The Mountaineer's up here love their cordelets - but they aren't even close to full strength, so shock loading on one leg could be a big issue there. Many of them have adopted the terrible habit of tying in with their fully static PAS (I don't own one).

Bad anchor habits abound. There's lots of room for improvement there.

Rapping is no different. Lots of bad habits there, too.
Largo

Sport climber
The Big Wide Open Face
Topic Author's Reply - Sep 4, 2014 - 11:57am PT
Studying mind via the subjective adventures is also science. It's just that the methods of aquisition per the data are not the standard means of objectifying we normally use in, say, investigating fall forces. It's all empirical. Ultimately it's like comics - people will use whatever material works. If you're getting a new perspective on mind from your current methods - great. If not, try other methods. The rub here is, people won't try other methods, mainly from unconscious fear they interpret as something else.

I should also mention that per our theories about anchors and anchor systems - many of mine were wrong. I only found out as much through testing. The value of the math models is that they give you geeneric results per related functions and this can help steer you towards more effiencit testing.

JL
jgill

Boulder climber
Colorado
Sep 4, 2014 - 06:57pm PT
I think it not improper to label what Largo did to discover and verify anchors science.
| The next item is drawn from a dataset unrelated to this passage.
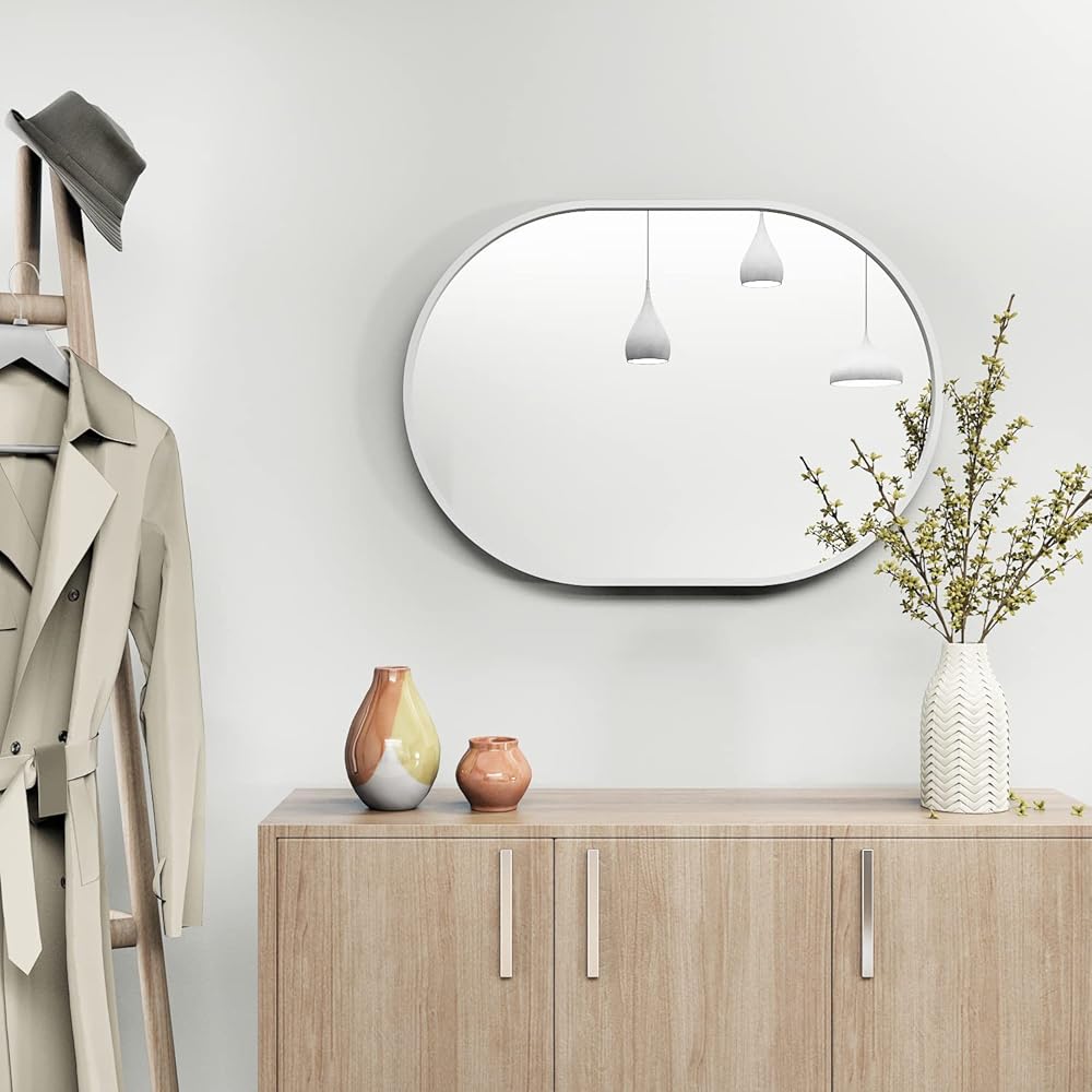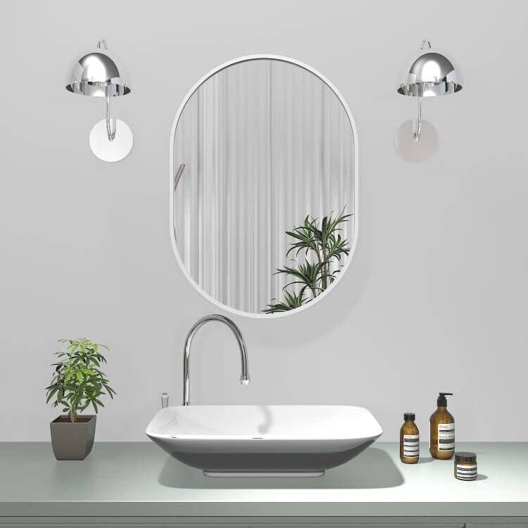 ☆.مرآة بيضاوية مثالية: هذه المرآة الكبيرة مقاس 20 × 28 بوصة هي الحجم المثالي للحمام. الإطار المعدني الأسود يضفي لمسة من الرقي البسيط على أي غرفة. تضفي الحواف الدائرية نعومة على التصميم. تقدم المرآة المصقولة انعكاسًا جميلاً دون أي تشويه للرؤية، كما أن الجزء الخلفي من MDF الفاخر يمنع التآكل في البيئات الرطبة، مما يجعلها مثالية للحمام.

It wasn't basic science, such as searching for new fundamental particles, but it appears he did apply scientific reasoning.
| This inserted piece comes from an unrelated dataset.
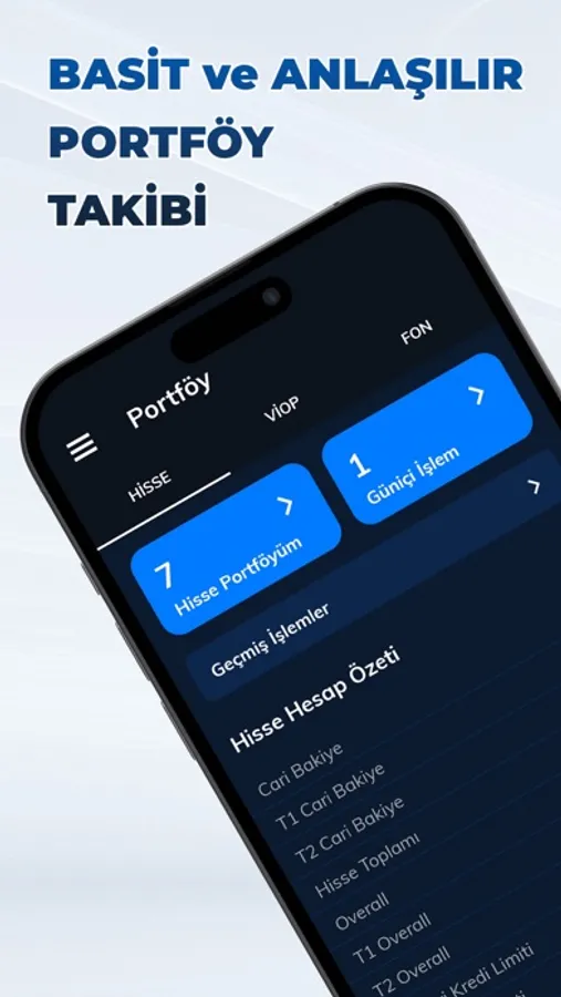 Yenilenmiş portföy modülüne giriş yaparak hisse ve VİOP portföyünüzü anlık fiyatlarla takip edebilir, portföy ve bakiye bilgilerinin yanı sıra günlük işlemlerinizi görüntüleyebilirsiniz.

As for the "science" of meditation, that seems a little bit of a stretch, but whatever rings your bell . . . as Mike might say, it's all words on a screen.


;>)
Tvash

climber
Seattle
Sep 4, 2014 - 07:35pm PT
Telepathy cominatcha: First direct brain to brain comms:

http://www.sciencedaily.com/releases/2014/09/140903105646.htm
jgill

Boulder climber
Colorado
Sep 4, 2014 - 07:37pm PT
Wow!

Now that's science of the mind.
MH2

climber
Sep 4, 2014 - 09:37pm PT
The brain-to-brain communication result is only a small step. The authors point out that in the 60s it was shown that voluntary control of alpha wave EEG could be used to transmit information, to someone looking at the EEG. The new study just uses a similar recording of one person's EEG to activate a transcutaneous magnetic stimulator attached to another person.

The authors may know something we don't, though. They also say:

these initial results suggest new research directions, including the non-invasive direct transmission of emotions and feelings

It would be interesting to know what they mean by that.
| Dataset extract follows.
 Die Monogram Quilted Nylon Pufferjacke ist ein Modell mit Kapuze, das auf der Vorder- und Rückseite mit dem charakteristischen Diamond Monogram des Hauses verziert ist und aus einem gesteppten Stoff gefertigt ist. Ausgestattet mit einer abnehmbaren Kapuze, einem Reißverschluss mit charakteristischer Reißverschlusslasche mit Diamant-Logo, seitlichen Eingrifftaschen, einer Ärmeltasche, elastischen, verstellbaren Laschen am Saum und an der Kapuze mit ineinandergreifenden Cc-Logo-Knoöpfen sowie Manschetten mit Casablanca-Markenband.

They claim mind-to-mind communication, not merely brain-to-brain, because voluntary mental effort is needed. However, they also say:

by ‘‘mind’’ we mean a set of processes carried out by the brain
BLUEBLOCR

Social climber
joshua tree
Sep 4, 2014 - 10:58pm PT

a set of processes carried out by the brain

is it a physical way the mind provokes free-will?

Emotions and Feelings?? i thought they were the samething?

Or, if a guy in India sent the guy in Brazil a warm welcoming 'Hello', the guy in Brazil would 'think' the Hello and also 'feel' the love. If that'e right, both would be sharing the 'Feeling'. And the 'Emotion' would be that of love?

They couldn't been do'n anything like that though by flash'in lights in the retina?
MH2

climber
Sep 5, 2014 - 07:30am PT
They couldn't been do'n anything like that though by flash'in lights in the retina? (BLUEBLOCR)


How are you reading these words, brother?

(I wrote in a warm welcoming way.)
BLUEBLOCR

Social climber
joshua tree
Sep 5, 2014 - 07:50am PT

Using EEG, the research team first translated the greetings "hola" and "ciao" into binary code and then emailed the results from India to France. There a computer-brain interface transmitted the message to the receiver's brain through noninvasive brain stimulation. The subjects experienced this as phosphenes, flashes of light in their peripheral vision. The light appeared in numerical sequences that enabled the receiver to decode the information in the message, and while the subjects did not report feeling anything, they did correctly receive the greetings.

kindof a morse code?
WBraun

climber
Sep 5, 2014 - 07:59am PT
Just plain cave man stupid.

In the old days they could telepathically communicate.

No stupid machine required like modern cave man.

Now modern man has devolved into cave man soulless robotic machine .......
Dingus Milktoast

Gym climber
Maestro, Ecosystem Ministry, Fatcrackistan
Sep 5, 2014 - 08:03am PT
Just plain cave man stupid.

In the old days they could telepathically communicate.

Well in the very near new days to come, with the help of our appliances we will be doing it again. Right now we still require some finger wiggling, but we are very, very close...

Just wait till they offer you a real BLUE TOOTH!

;D

DMT
High Fructose Corn Spirit

Gym climber
Sep 5, 2014 - 08:31am PT
re: robots, robotic machines

Joe Rogan: Is it just neurochemistry? If that's the case, human beings are f*#king robots.
Sam Harris: We are. The thing is, that doesn't take out any of the good stuff of life.

2:50:10...


http://www.youtube.com/watch?v=w8Q6CWv7IXo


It's as beautiful as you want it to be, it's as profound as you want it to be.

.....

photo not found
Missing photo ID#376542
Jan

Mountain climber
Colorado, Nepal & Okinawa
Sep 5, 2014 - 08:38am PT
It would be interesting to know how many people on this thread who claim to be scientists actually live up to the definition of science put forth by Fort Mental.It is my observation that a lot of scientists are merely following formulas and not doing original work as in forming theories and testing them. Just as the average meditator never realizes emptiness, I doubt the average person working in a science field ever achieves true science by FM's definition.

I think we have to be careful that we aren't defining our own interests in terms of the perfect ideal while denigrating others of a different philosophy by holding them up as less than the perfected ideal. This is a well known strategy in debating by the way.